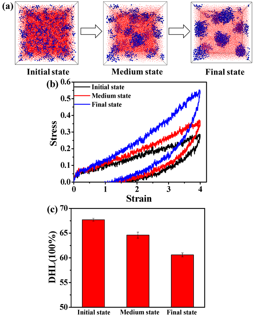 (a) The self-assembly process of the microstructure of the A5B10A5 tri-block copolymer. Note that the blue spheres represent the hard component of polymer chains, and the small red beads stand for the soft component of polymer chains. (b) The stress-strain behavior of the tri-block copolymer at three typical states. (c) The dynamic hysteresis loss (DHL) derived from the tension-recovery process.
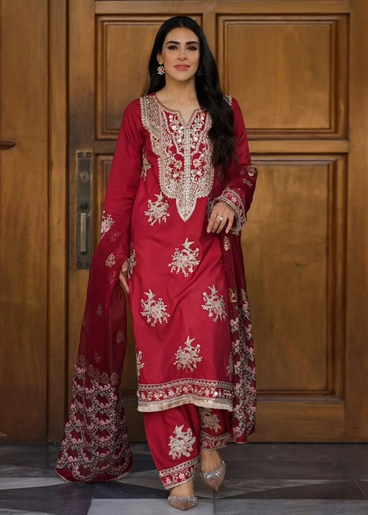 Divinely gorgeous, ‘Crimson’ is a beauty like no other. Team Shurooq has outdone itself with this red number. Absolutely stunning gold tilla embroideries with resham thread work add life to the silk shirt and trouser. Hand applied sitara, pearls and stone beading bring opulence to the ensemble paired together with a delicate block printed organza dupatta.
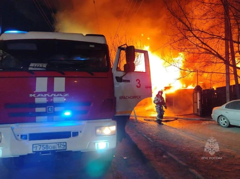 Сотрудники МЧС России ликвидируют пожар в частном жилом доме в Красноярске
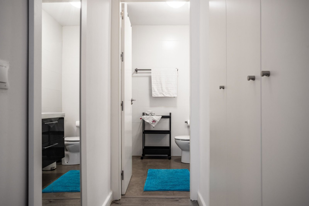 L'appartement se compose d'un hall d'entrée, d'un salon lumineux avec cuisine ouverte et accès à la terrasse, d'une chambre avec salle de bains attenante et placards intégrés, d'une autre chambre avec placards et d'une deuxième salle de bains.
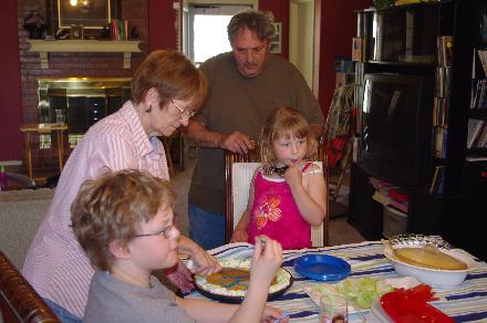 With the new grill in place and a tank full of propane we fired it up. Everybody liked the burgers, so I’d say the new grill was a success! Dad said he would rather have cookies instead of cake this year, so Susan picked up one of those giant cookies along with some smaller sugar and peanut butter cookies (dad’s favorite).
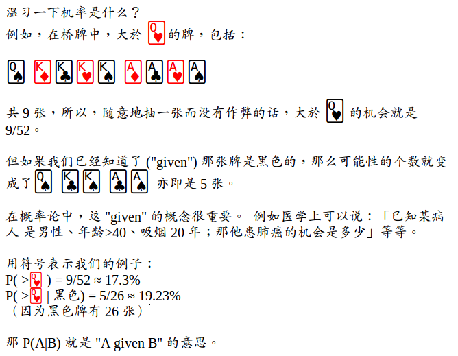 他发现了一个公式可以用来计算 P(X|Y) 那样的机率 :
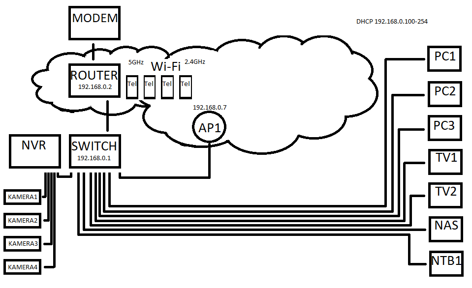 Router a AP vysílají jednu síť.
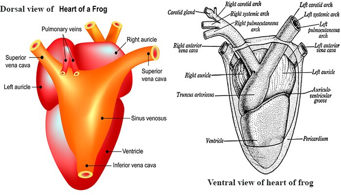 The frog heart is a three-chambered, dark red, muscular organ situated mid-ventrally in the anterior part of the body cavity, within a protective double-layered pericardium. It consists of two upper chambers (right and left atria/auricles) and a single lower chamber (ventricle).​ Structure and Features Atria (Auricles): The right atrium receives deoxygenated blood from the body via the sinus venosus, while the left atrium receives oxygenated blood from the lungs through the pulmonary veins. The atria are separated by an interatrial septum and open into the ventricle through auriculo-ventricular apertures with valves to prevent backflow.​ Ventricle: A single, thick-walled, spongy chamber that mixes both oxygenated and deoxygenated blood, then pumps it out to the body and lungs. Its internal surface is highly trabeculated, which helps minimize complete mixing of the two blood types.​ Sinus Venosus: A venous chamber at the back of the heart where venous blood collects before entering the right atrium; guarded by sinuauricular valves.​ Truncus Arteriosus: An outflow tract that arises from the ventricle, guarded by semilunar valves and divided internally by a spiral valve into cavum aorticum and cavum pulmocutaneum, leading to three pairs of aortic arches (carotid, systemic, and pulmocutaneous).​ Circulatory Function The frog’s heart pumps both oxygenated and deoxygenated blood, ensuring partial separation in the atria and partial mixing in the ventricle before distribution.​ Blood passes through the heart twice during a complete circuit (double circulation): first for oxygenation in the lungs and skin, then for distribution to the body, which is an evolutionary adaptation for amphibians.​ Key Points for Models Models usually depict color-coded chambers, the interatrial septum, valves, and main vessels for clear understanding. The unique structure of the frog heart illustrates an evolutionary transition toward the more complex four-chambered mammalian heart.​ The frog heart’s three-chambered structure is a classic example for teaching comparative anatomy, circulatory physiology, and adaptive evolution in vertebrates.
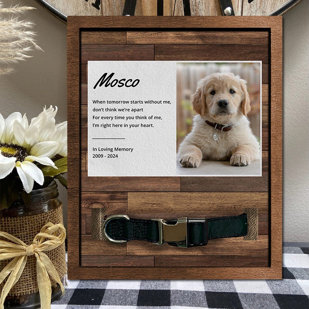 Personalized Memorial Pet Collar Wood Frame with Photo Keepsake Gifts for Pet Lover
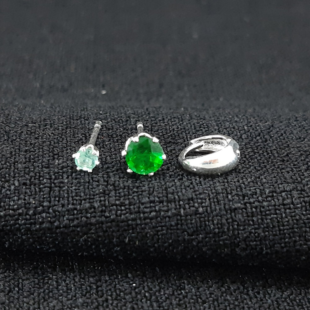Trio de brincos pontos de luz verde e azul com argolinha lisa
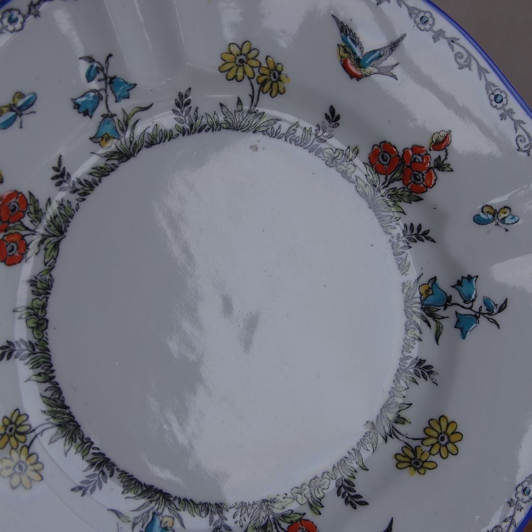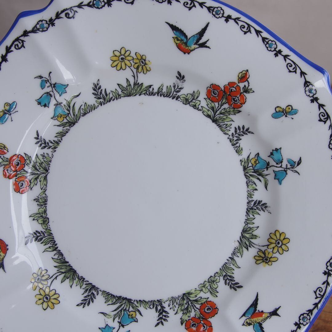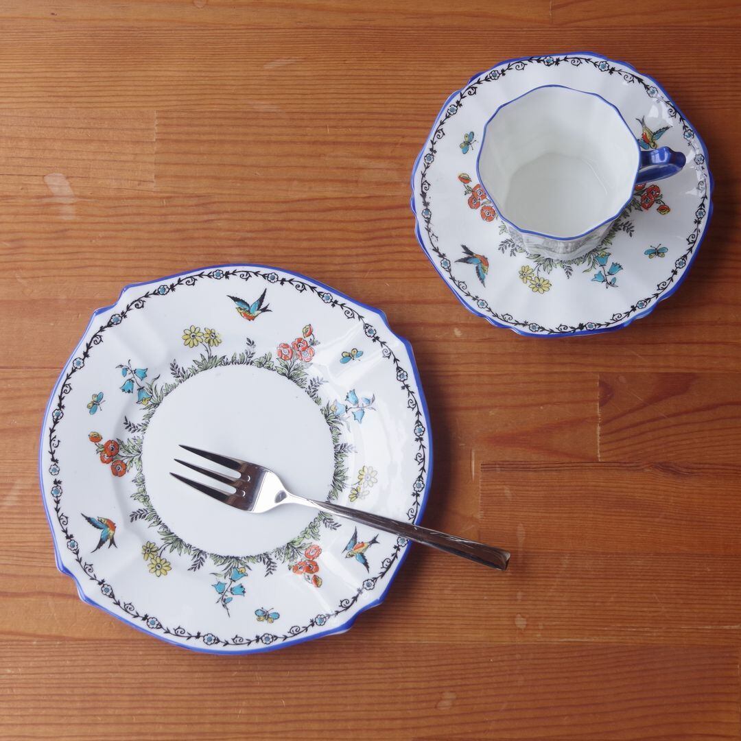 アンティーク食器 お皿 ケーキ皿 デザートプレート つばめ 花 蝶 18cm コーリングウッド Collingwood #250216-10 イギリス ヴィンテージ 陶器 レトロ 鳥

### Exercise requirements
Print, with pictures removed, exactly the lines of the records above from the top through the line containing "L'appartement se compose".

### Exercise solution
 (a) The self-assembly process of the microstructure of the A5B10A5 tri-block copolymer. Note that the blue spheres represent the hard component of polymer chains, and the small red beads stand for the soft component of polymer chains. (b) The stress-strain behavior of the tri-block copolymer at three typical states. (c) The dynamic hysteresis loss (DHL) derived from the tension-recovery process.
 Divinely gorgeous, ‘Crimson’ is a beauty like no other. Team Shurooq has outdone itself with this red number. Absolutely stunning gold tilla embroideries with resham thread work add life to the silk shirt and trouser. Hand applied sitara, pearls and stone beading bring opulence to the ensemble paired together with a delicate block printed organza dupatta.
 Сотрудники МЧС России ликвидируют пожар в частном жилом доме в Красноярске
 L'appartement se compose d'un hall d'entrée, d'un salon lumineux avec cuisine ouverte et accès à la terrasse, d'une chambre avec salle de bains attenante et placards intégrés, d'une autre chambre avec placards et d'une deuxième salle de bains.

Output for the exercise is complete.